Their twentieth-century successors, however, rejected the evolutionary method and changed the definition and goal of anthropology. Separate studies of diverse primitive cultures and peoples became an end in themselves, without reference to the clues they provided for reconstructing a connected chain of human development from one social level to the next. …

The repudiation of the Morgan-Tylor school was provoked by their discomfiting discoveries that primitive society was a matriarchal, collectivist organization, featuring economic, social, and sexual equality. These findings exposed the myths that private property, the rule of the rich, and male supremacy had always existed, and that women were “by nature” the eternally inferior sex. As Engels pointed out, the downfall of women occurred when the primitive egalitarian society was overthrown by patriarchal class society a few thousand years ago. But this was not the end of the historical process. This degrading and oppressive society would in its turn be abolished and replaced by a higher form of egalitarian organization — socialism. Women, so long reduced to the second sex, would rise again to their rightful place in society.

These revolutionary conclusions were unacceptable to the new academic schools of anthropologists who took command of the science. …

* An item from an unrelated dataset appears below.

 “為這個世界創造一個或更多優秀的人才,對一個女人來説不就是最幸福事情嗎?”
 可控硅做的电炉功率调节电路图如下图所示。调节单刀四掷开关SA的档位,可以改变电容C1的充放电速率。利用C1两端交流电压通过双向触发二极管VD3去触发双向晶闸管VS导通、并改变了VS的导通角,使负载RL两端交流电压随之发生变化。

A graphic example is the matrilineal kinship system, which still survives in many primitive regions even though the rest of the world is overwhelmingly patriarchal. In most such instances today the paternal relationship between a woman’s husband and her child is recognized, but in a weak, underdeveloped form. All the decisive kinship ties — descent, succession, and inheritance — pass through the maternal line in a matrilineal region. This matrilineal kinship represents a survival from the former matriarchal epoch. To toss out these vestiges of the past as irrelevant and useless can only serve to block off the way back to the matriarchy and an understanding of the place of women in that period.

Yet the modern descriptionist and functionalist schools refuse to recognize the role survivals can play in reconstructing social evolution. …

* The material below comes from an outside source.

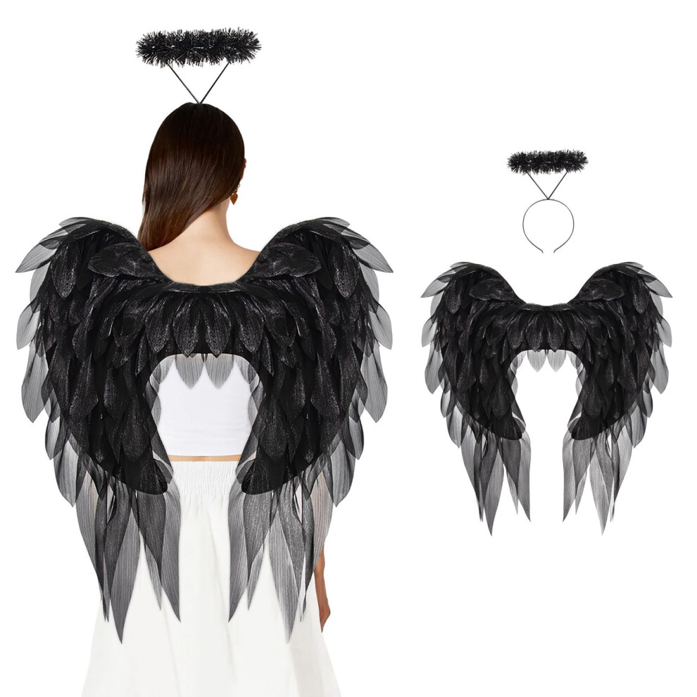 Lizzy Adult Fairy Angel Costume Includes Halo, Feather Wings, Girls Ladies Short & Sexy Tutu Skirt | Women's Halloween Christmas Fancy dress Costume Accessories (Black Angel)

Having disposed of theory and science in a rather superficial manner, Haymes gets down to the practical activities for women. They should concentrate on the three remaining areas of work: educational, artistic, and legal. His suggestions for dramatizing the injustices of women who are denied equality — pressuring departments of education into nonsexist education and demanding legislation such as the ERA [Equal Rights Amendment] to fight against job discrimination — are acceptable and already being done. But Haymes goes wrong when he advises women to confine themselves to these activities, and he has illusions that these will suffice to give women all that they need and want.

Over the past six years the women in the liberation movement have made considerable gains in their practical activities. But Haymes is naive if he thinks that “a stroke of the pen” such as passage of the ERA — or any other legal or constitutional amendment — will “erase” discrimination against women. Such legislative and judicial strokes of the pen did not bring full freedom to Blacks, nor will they to women. Even now, women are obliged to defend the legal right to abortion — a right they won through unremitting struggle — against the powerful clerical forces campaigning to rob them of their victory.

Women know that they have to struggle to make practical gains here and now, and must also fight to retain them. Their accomplishments thus far testify to their capabilities in these areas. But this does not end the matter for growing numbers of feminists. They are determined to find out how women became the oppressed sex and whether, as they are constantly told, there is “no exit” out of an eternally inferior status. Women have a healthy suspicion that they will learn something different from their own history — once it is brought out of hiding. …

They will pursue their own intellectual course and will not cease their explorations until they find what they are looking for — the truth about woman’s evolution.